The Early Educator Investment Collaborative, a coalition of funders focused on supporting the early childhood education workforce, has announced grants totaling $10.4 million to help strengthen teacher preparation programs.

With the goal of elevating the early care and education workforce, breaking down systemic barriers faced by students of color, and promoting professional compensation for a workforce that is often underpaid, the grants will support partnerships between institutions of higher education and states or tribal nations to strengthen programs that prepare early childhood education teachers through a competency-based bachelor's degree and advance state and tribal government efforts to increase funding for students and compensation for teachers. Recipients include California State University, Sacramento, College of Menominee Nation, Georgia State University, North Seattle College, University of Colorado Denver, and the University of Hawai'i at Mānoa.

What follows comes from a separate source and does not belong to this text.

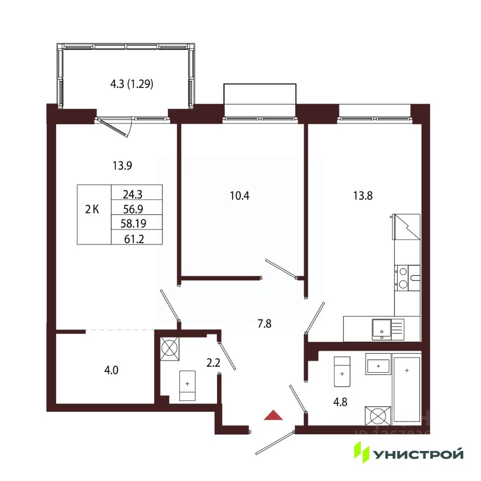 Общая площадь58,19 м²

According to the collaborative, people of color, primarily women, make up nearly half the early educator workforce yet are not provided equal access to higher education, ongoing professional development, or professional compensation, especially in comparison to their peers in K-12 education. Launched in 2017 to address those issues, the collaborative includes Ballmer Group, the Buffett Early Childhood Fund, the Foundation for Child Development, and the Bezos Family, Bill & Melinda Gates, David and Lucile Packard, Heising-Simons, and Stranahan foundations.

"We must support the professionalization of our ECE workforce," said Rebecca Gomez, a program officer at the Heising-Simons Foundation and co-chair of the Early Educator Investment Collaborative. "We need to attract, retain, and financially support students who bring racial, ethnic, linguistic, cultural, and socioeconomic diversity to a field that educates and cares for our equally diverse young people.